DATA EXTRACT:
************
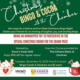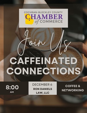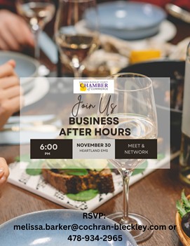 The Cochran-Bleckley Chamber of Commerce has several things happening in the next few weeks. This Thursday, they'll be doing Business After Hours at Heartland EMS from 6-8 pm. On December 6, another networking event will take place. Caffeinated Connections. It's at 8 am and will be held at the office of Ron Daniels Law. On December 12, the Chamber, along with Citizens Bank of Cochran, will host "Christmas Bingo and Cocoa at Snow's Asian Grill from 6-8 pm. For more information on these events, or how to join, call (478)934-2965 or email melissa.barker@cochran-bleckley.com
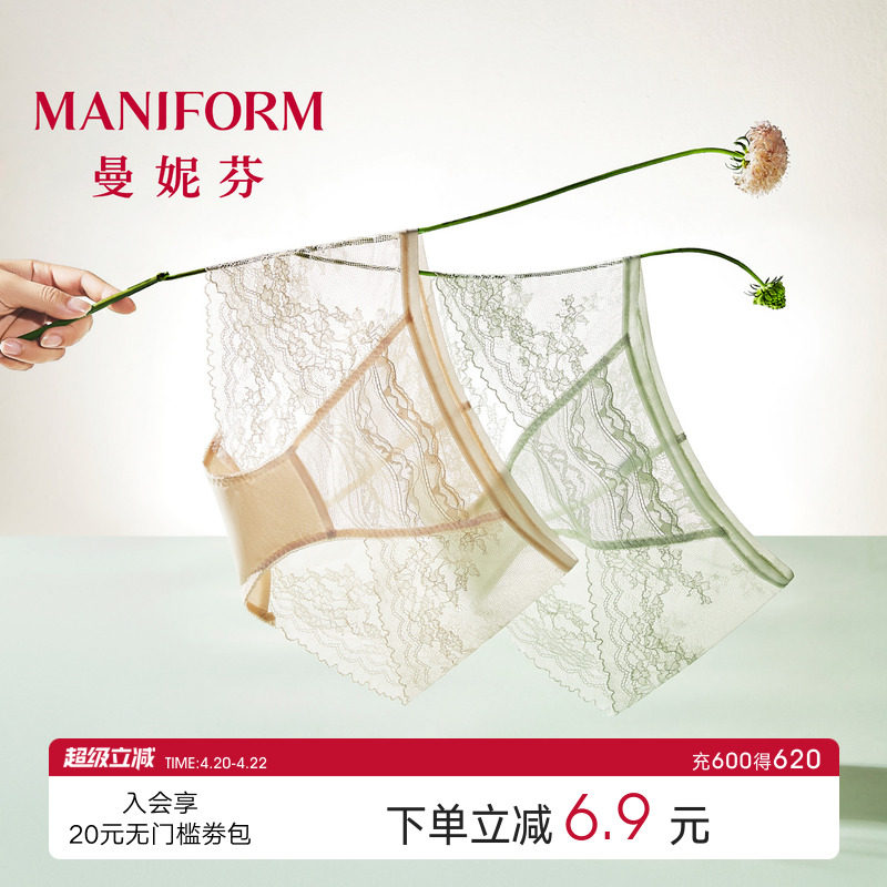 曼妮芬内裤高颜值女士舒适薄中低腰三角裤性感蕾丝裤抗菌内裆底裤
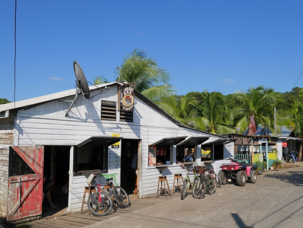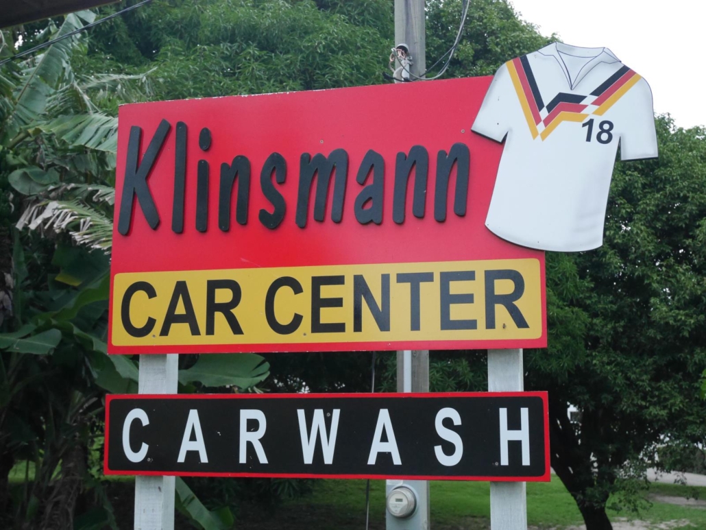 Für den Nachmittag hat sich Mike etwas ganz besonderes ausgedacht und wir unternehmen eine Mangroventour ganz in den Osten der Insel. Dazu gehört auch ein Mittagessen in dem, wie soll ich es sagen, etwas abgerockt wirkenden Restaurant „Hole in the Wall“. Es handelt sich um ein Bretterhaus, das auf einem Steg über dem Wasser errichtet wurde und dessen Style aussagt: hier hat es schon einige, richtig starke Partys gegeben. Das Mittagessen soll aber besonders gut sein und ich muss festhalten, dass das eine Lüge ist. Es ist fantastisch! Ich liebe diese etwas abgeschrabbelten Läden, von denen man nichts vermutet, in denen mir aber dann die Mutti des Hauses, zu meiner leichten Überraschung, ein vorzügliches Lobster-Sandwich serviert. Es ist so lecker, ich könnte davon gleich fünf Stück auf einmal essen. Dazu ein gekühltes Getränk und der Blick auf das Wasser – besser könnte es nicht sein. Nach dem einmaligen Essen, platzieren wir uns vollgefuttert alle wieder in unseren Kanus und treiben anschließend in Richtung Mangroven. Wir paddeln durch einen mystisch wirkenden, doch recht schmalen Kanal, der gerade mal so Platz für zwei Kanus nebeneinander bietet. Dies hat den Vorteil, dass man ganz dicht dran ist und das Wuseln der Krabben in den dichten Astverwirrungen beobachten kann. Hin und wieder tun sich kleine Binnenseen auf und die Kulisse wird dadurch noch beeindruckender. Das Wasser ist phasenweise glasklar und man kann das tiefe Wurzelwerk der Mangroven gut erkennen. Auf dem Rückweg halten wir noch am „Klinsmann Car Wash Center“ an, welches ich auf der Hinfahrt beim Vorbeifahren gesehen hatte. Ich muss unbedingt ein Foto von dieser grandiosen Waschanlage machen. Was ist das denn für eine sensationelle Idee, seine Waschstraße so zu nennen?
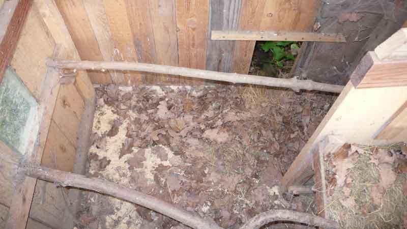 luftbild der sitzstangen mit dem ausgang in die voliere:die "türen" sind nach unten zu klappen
************
Give again, word for word, every line from the top of the data through the line with "曼妮芬内裤高颜值女士舒适薄中低腰三角裤性感蕾丝裤抗菌内裆底裤", both ends included, and exclude the pictures.

 The Cochran-Bleckley Chamber of Commerce has several things happening in the next few weeks. This Thursday, they'll be doing Business After Hours at Heartland EMS from 6-8 pm. On December 6, another networking event will take place. Caffeinated Connections. It's at 8 am and will be held at the office of Ron Daniels Law. On December 12, the Chamber, along with Citizens Bank of Cochran, will host "Christmas Bingo and Cocoa at Snow's Asian Grill from 6-8 pm. For more information on these events, or how to join, call (478)934-2965 or email melissa.barker@cochran-bleckley.com
 曼妮芬内裤高颜值女士舒适薄中低腰三角裤性感蕾丝裤抗菌内裆底裤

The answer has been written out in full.